#### EXERCISE DIRECTIONS
In the records below, repeat exactly the lines between the line holding "The AudioQuest Cinnamon" and the line holding "The New Intel", inclusive, and drop the pictures.

#### RECORDS FOR THE TASK

•••••

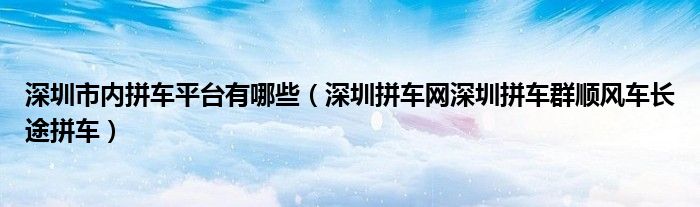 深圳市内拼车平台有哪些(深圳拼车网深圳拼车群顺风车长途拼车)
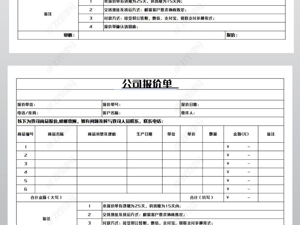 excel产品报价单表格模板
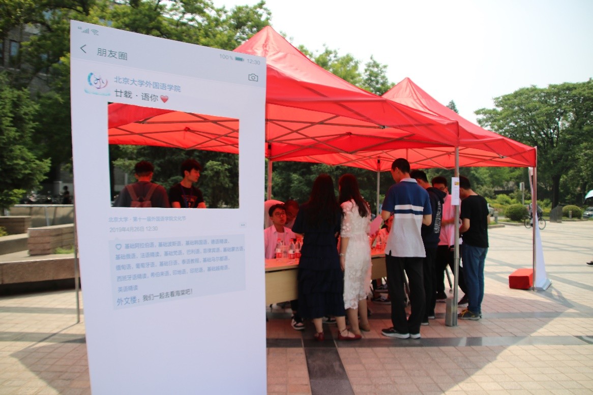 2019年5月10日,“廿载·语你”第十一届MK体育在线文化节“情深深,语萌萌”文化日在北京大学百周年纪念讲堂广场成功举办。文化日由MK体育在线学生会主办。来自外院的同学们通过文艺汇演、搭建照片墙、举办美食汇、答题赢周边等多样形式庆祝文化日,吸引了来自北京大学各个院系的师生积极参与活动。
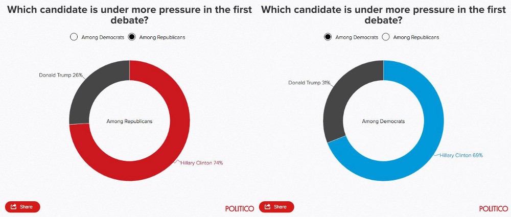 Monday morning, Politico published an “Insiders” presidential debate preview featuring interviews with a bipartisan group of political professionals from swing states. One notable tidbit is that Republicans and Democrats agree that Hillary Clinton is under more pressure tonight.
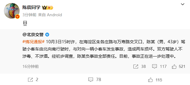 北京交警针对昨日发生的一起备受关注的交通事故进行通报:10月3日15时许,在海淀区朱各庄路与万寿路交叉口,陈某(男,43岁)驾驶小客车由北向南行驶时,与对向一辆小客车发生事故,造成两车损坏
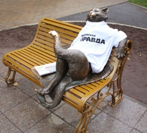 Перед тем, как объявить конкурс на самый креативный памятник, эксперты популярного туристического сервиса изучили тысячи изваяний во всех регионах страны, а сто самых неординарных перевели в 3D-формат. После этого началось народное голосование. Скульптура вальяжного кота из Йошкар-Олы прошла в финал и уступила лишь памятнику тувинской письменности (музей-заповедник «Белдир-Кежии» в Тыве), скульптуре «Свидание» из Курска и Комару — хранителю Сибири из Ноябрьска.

•••••

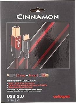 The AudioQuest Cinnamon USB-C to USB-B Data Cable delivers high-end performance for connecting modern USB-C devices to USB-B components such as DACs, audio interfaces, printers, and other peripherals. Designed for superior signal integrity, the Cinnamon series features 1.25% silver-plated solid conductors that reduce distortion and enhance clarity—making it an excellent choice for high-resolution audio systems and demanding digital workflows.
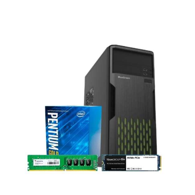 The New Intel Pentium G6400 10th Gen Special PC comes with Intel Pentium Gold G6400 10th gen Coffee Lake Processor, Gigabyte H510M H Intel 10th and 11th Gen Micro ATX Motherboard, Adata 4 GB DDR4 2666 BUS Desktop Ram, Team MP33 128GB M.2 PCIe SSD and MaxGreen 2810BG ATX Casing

•••••

#### SOLUTION
 The AudioQuest Cinnamon USB-C to USB-B Data Cable delivers high-end performance for connecting modern USB-C devices to USB-B components such as DACs, audio interfaces, printers, and other peripherals. Designed for superior signal integrity, the Cinnamon series features 1.25% silver-plated solid conductors that reduce distortion and enhance clarity—making it an excellent choice for high-resolution audio systems and demanding digital workflows.
 The New Intel Pentium G6400 10th Gen Special PC comes with Intel Pentium Gold G6400 10th gen Coffee Lake Processor, Gigabyte H510M H Intel 10th and 11th Gen Micro ATX Motherboard, Adata 4 GB DDR4 2666 BUS Desktop Ram, Team MP33 128GB M.2 PCIe SSD and MaxGreen 2810BG ATX Casing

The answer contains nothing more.